(EXERCISE DIRECTIONS)
Return the line that has "Abbildung 1: Vergleich" and all lines below it through the last, exactly as they stand; omit pictures.

(DATA TO USE)
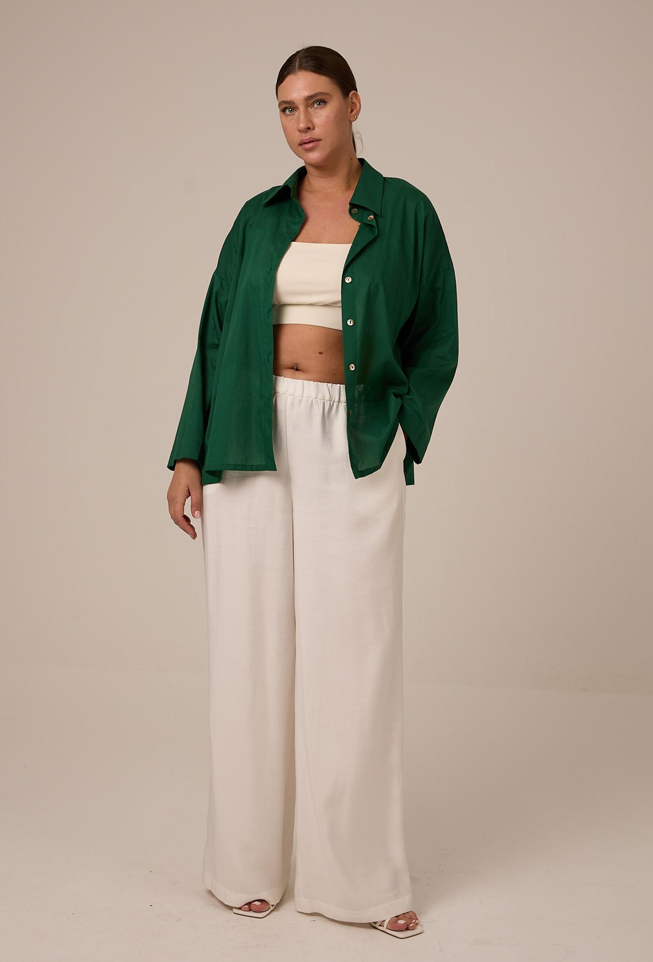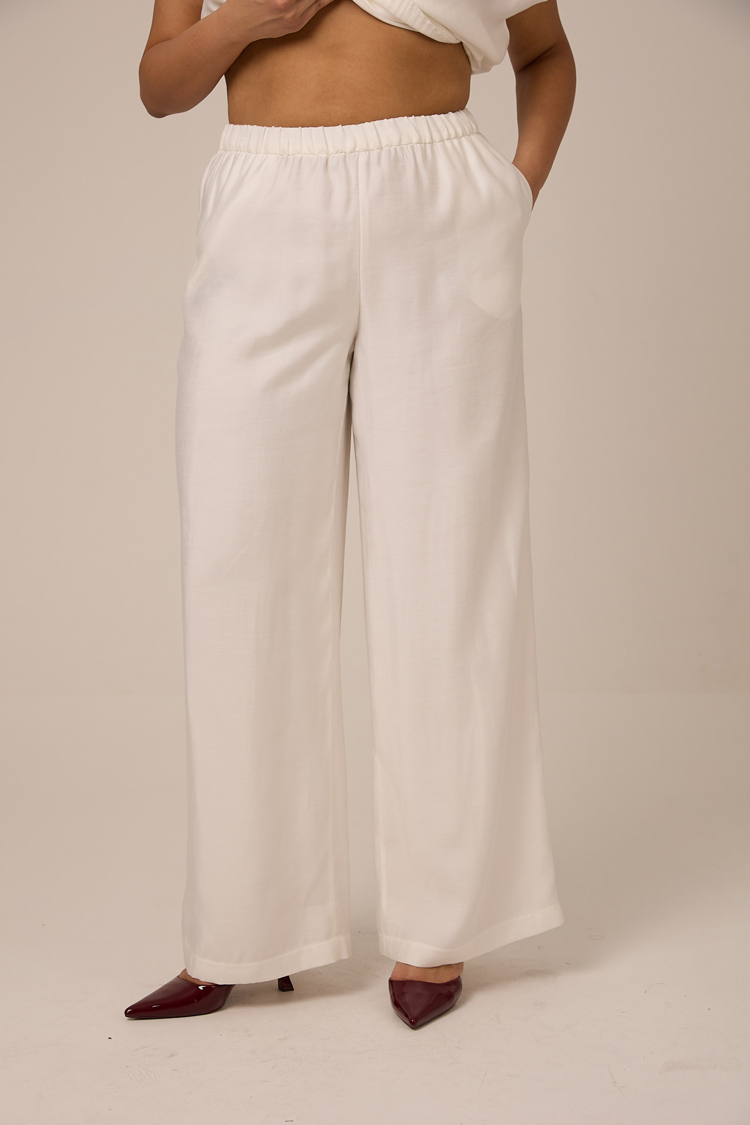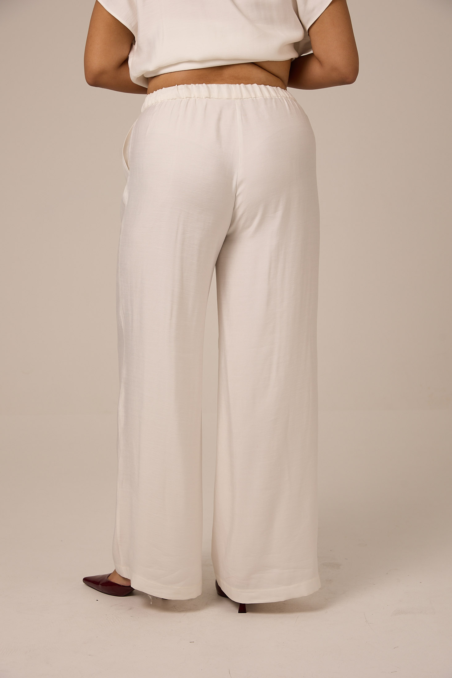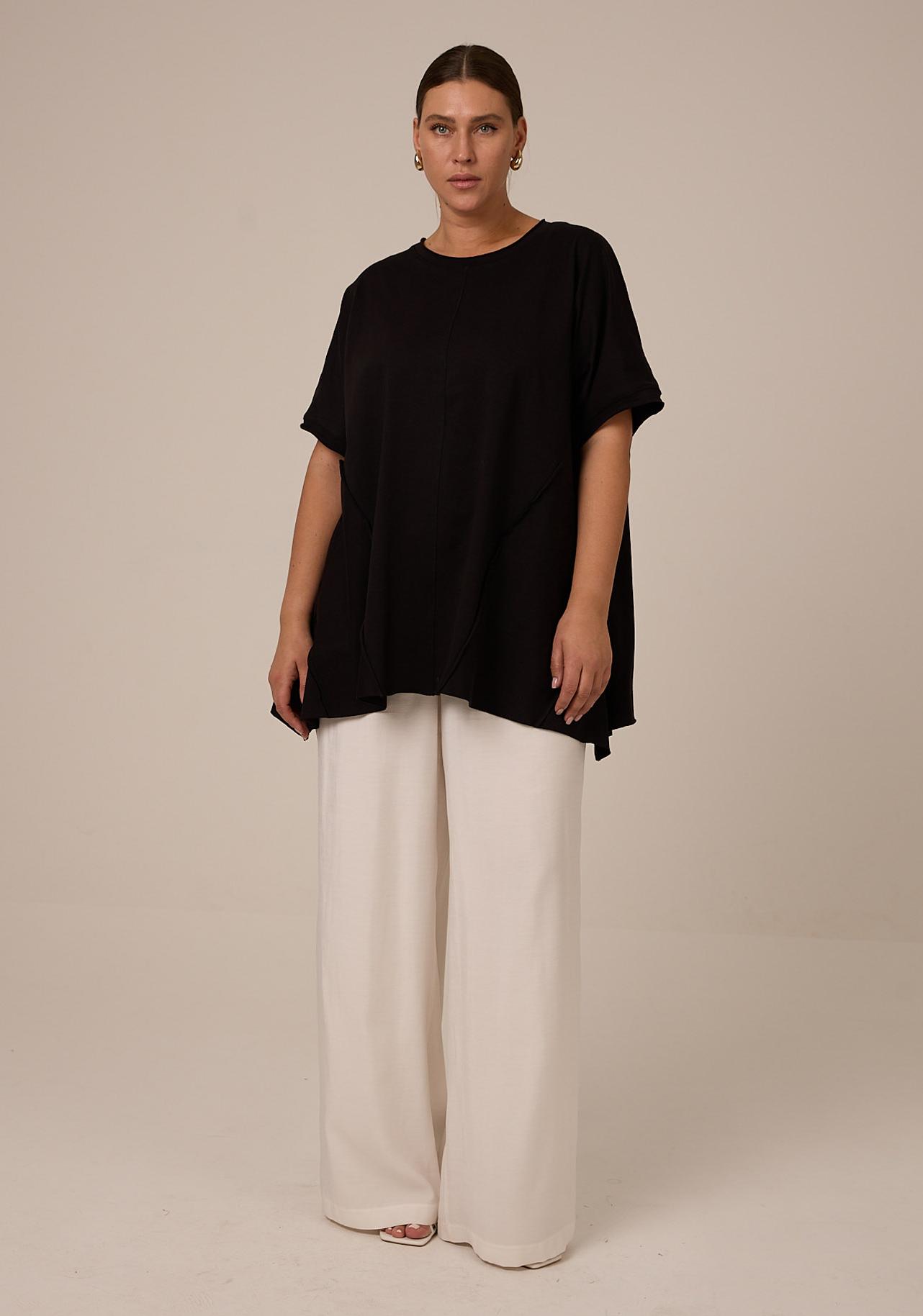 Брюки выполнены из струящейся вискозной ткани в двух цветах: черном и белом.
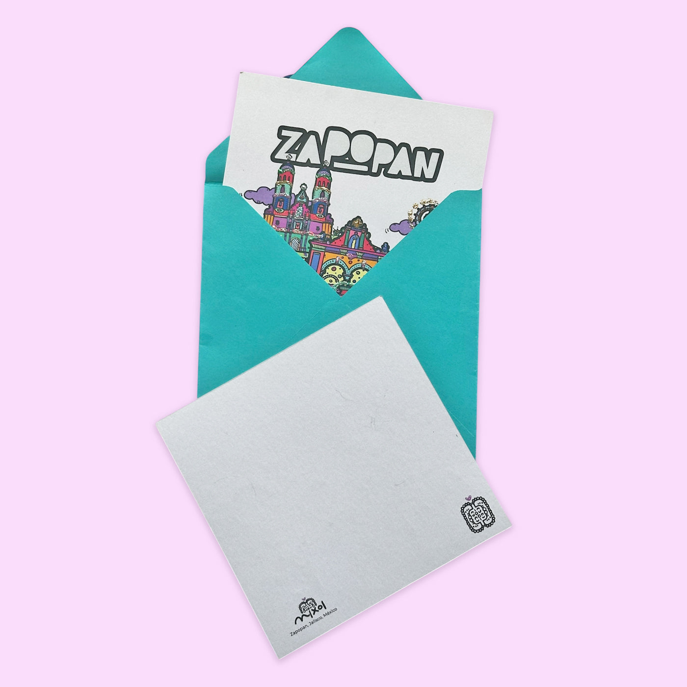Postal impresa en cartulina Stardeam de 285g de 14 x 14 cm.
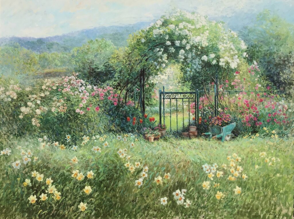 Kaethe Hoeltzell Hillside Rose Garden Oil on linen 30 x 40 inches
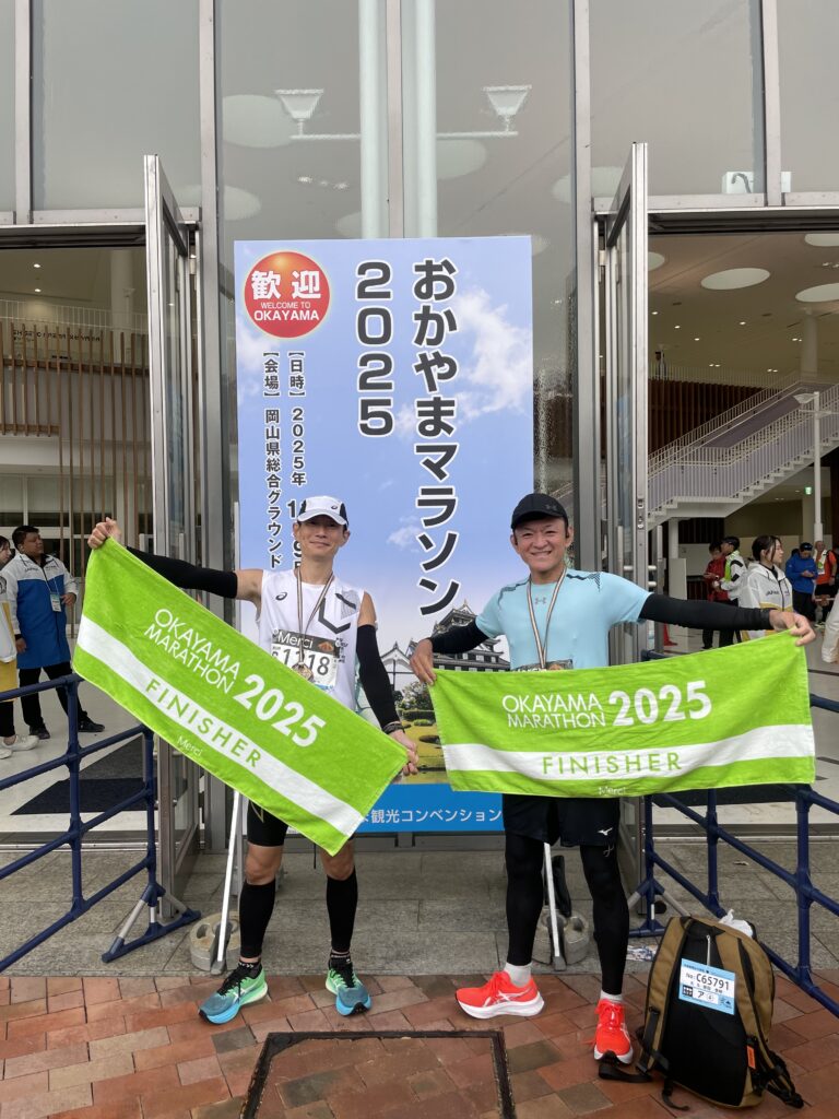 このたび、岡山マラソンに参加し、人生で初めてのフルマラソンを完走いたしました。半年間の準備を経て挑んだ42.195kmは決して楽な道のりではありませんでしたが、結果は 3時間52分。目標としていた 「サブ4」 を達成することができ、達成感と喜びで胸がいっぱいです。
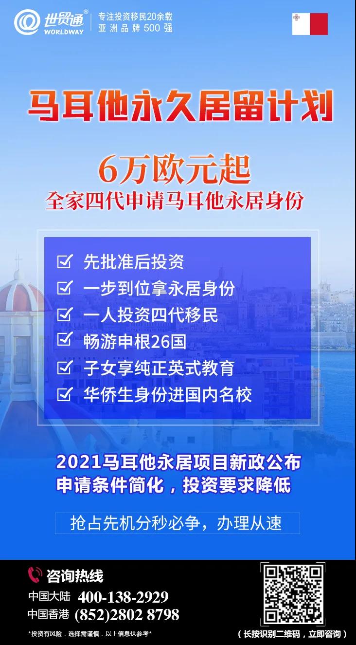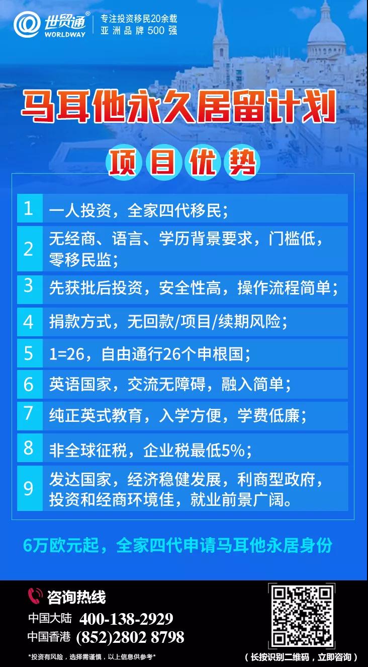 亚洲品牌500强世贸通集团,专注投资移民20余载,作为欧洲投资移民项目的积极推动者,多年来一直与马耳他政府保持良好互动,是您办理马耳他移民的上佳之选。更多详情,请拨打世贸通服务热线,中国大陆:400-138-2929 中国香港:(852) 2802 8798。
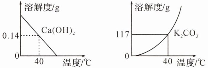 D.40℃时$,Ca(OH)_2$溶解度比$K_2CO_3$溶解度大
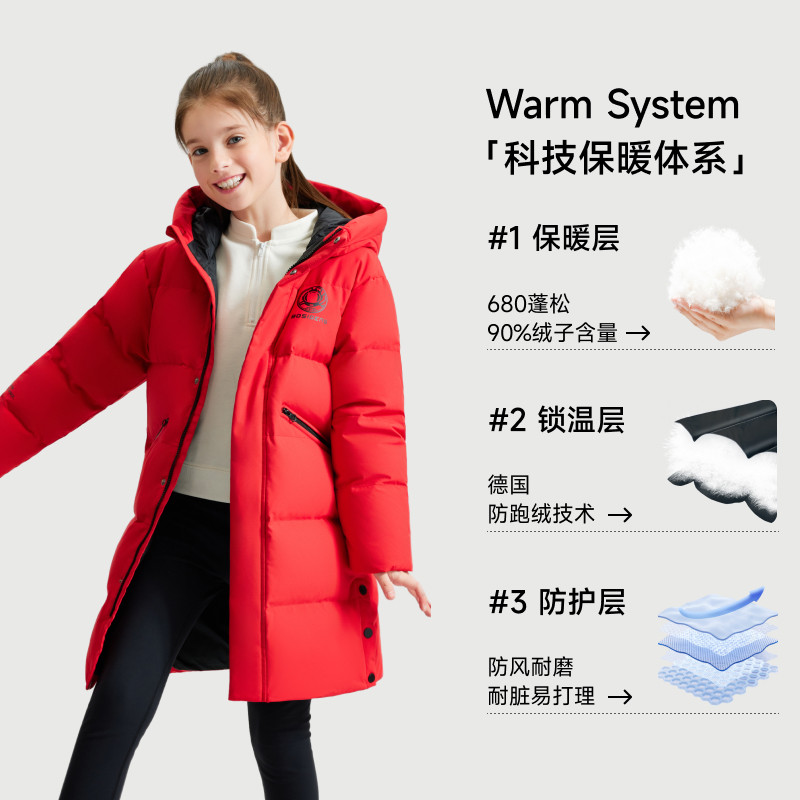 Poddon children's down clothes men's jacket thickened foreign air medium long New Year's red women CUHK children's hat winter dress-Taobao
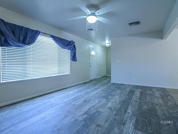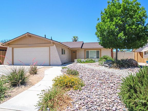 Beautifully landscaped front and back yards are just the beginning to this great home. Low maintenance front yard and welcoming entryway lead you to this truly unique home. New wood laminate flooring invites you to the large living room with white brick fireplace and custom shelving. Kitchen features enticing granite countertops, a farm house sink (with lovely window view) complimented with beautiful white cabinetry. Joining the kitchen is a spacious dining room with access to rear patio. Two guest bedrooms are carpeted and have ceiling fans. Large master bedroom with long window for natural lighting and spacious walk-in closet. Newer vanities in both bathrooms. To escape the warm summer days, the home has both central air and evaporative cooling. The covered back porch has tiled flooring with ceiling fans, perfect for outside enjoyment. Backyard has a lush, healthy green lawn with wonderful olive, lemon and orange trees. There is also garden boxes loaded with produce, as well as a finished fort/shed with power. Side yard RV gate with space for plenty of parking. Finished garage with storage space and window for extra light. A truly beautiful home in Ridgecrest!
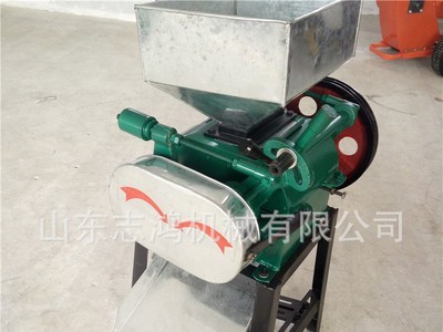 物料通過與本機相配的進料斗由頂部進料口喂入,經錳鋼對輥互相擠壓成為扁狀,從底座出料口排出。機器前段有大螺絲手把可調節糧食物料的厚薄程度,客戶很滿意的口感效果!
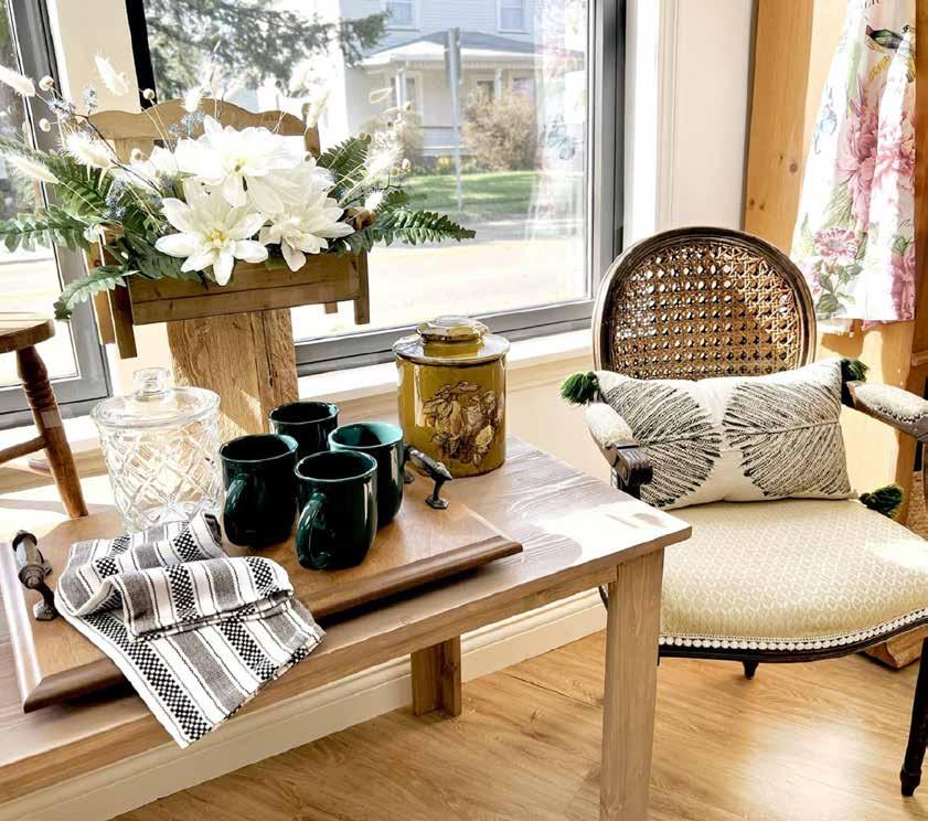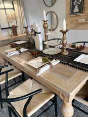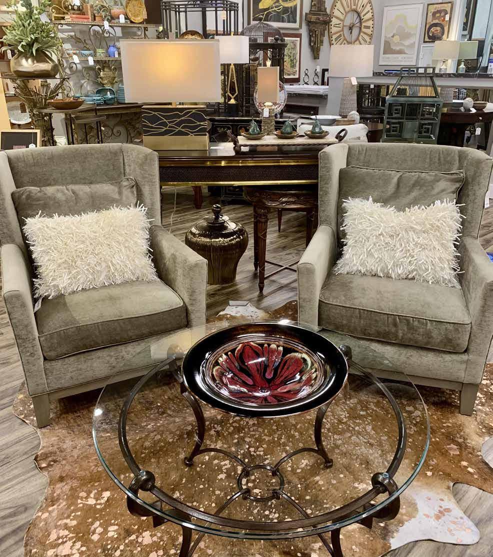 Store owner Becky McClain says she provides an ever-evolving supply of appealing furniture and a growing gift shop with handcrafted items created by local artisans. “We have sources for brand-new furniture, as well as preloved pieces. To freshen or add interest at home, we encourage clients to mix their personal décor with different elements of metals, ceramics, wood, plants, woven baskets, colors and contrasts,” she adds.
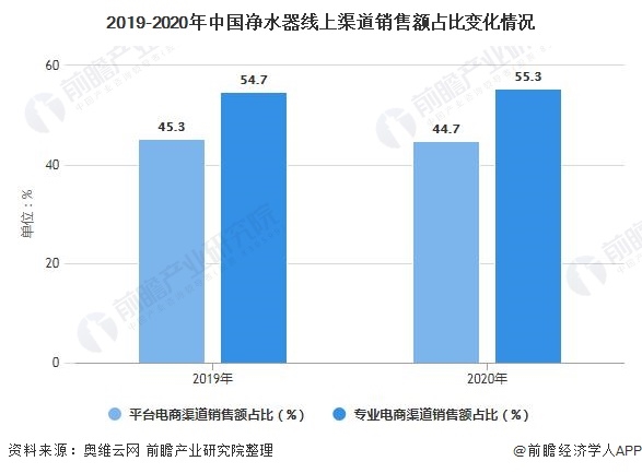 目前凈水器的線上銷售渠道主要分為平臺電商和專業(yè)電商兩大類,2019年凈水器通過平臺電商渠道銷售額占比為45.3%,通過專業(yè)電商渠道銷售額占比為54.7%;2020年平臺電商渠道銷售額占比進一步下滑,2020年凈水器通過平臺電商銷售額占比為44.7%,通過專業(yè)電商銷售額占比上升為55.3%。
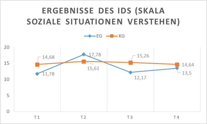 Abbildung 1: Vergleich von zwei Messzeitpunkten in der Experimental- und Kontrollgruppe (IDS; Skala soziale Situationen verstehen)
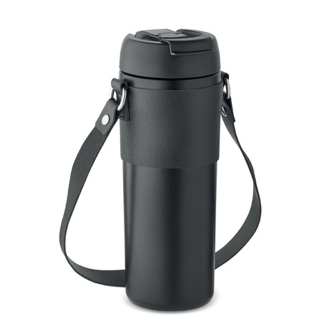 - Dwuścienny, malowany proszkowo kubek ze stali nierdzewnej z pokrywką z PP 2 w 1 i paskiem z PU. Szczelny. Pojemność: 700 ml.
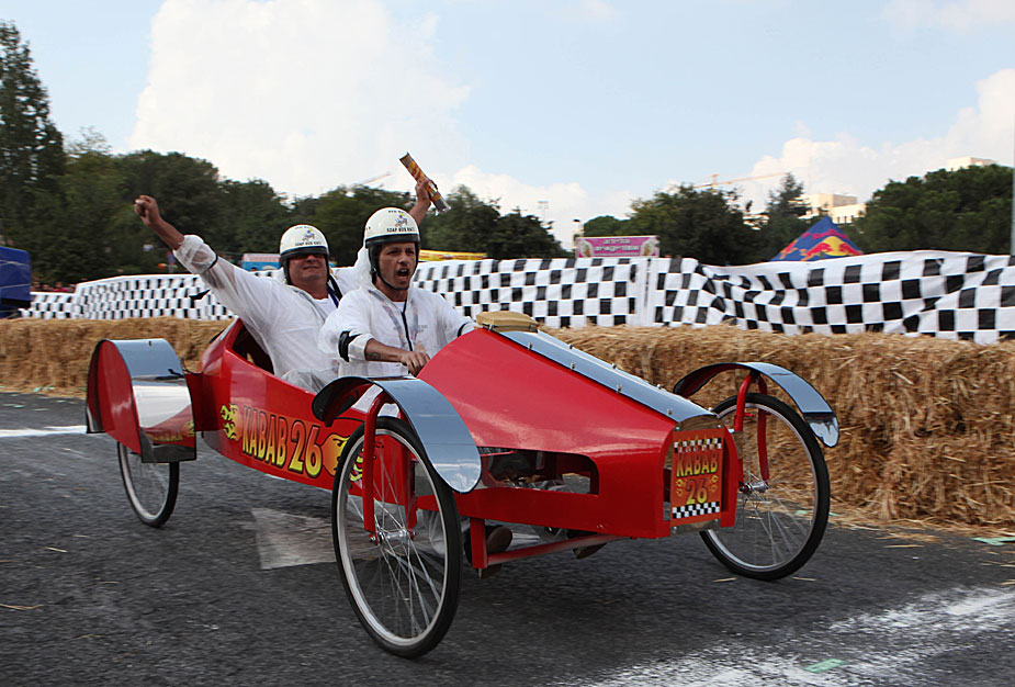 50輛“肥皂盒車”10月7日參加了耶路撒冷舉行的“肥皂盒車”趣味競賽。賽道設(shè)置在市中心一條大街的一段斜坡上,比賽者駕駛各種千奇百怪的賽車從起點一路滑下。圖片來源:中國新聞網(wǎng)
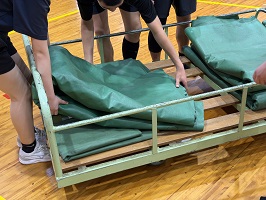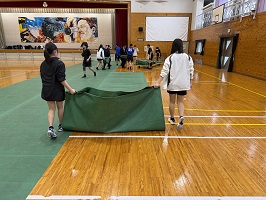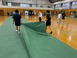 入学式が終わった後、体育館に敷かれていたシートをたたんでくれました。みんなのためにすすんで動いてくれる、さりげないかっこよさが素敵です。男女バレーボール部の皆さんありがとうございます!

(ANSWER SPACE)
 Abbildung 1: Vergleich von zwei Messzeitpunkten in der Experimental- und Kontrollgruppe (IDS; Skala soziale Situationen verstehen)
 - Dwuścienny, malowany proszkowo kubek ze stali nierdzewnej z pokrywką z PP 2 w 1 i paskiem z PU. Szczelny. Pojemność: 700 ml.
 50輛“肥皂盒車”10月7日參加了耶路撒冷舉行的“肥皂盒車”趣味競賽。賽道設(shè)置在市中心一條大街的一段斜坡上,比賽者駕駛各種千奇百怪的賽車從起點一路滑下。圖片來源:中國新聞網(wǎng)
 入学式が終わった後、体育館に敷かれていたシートをたたんでくれました。みんなのためにすすんで動いてくれる、さりげないかっこよさが素敵です。男女バレーボール部の皆さんありがとうございます!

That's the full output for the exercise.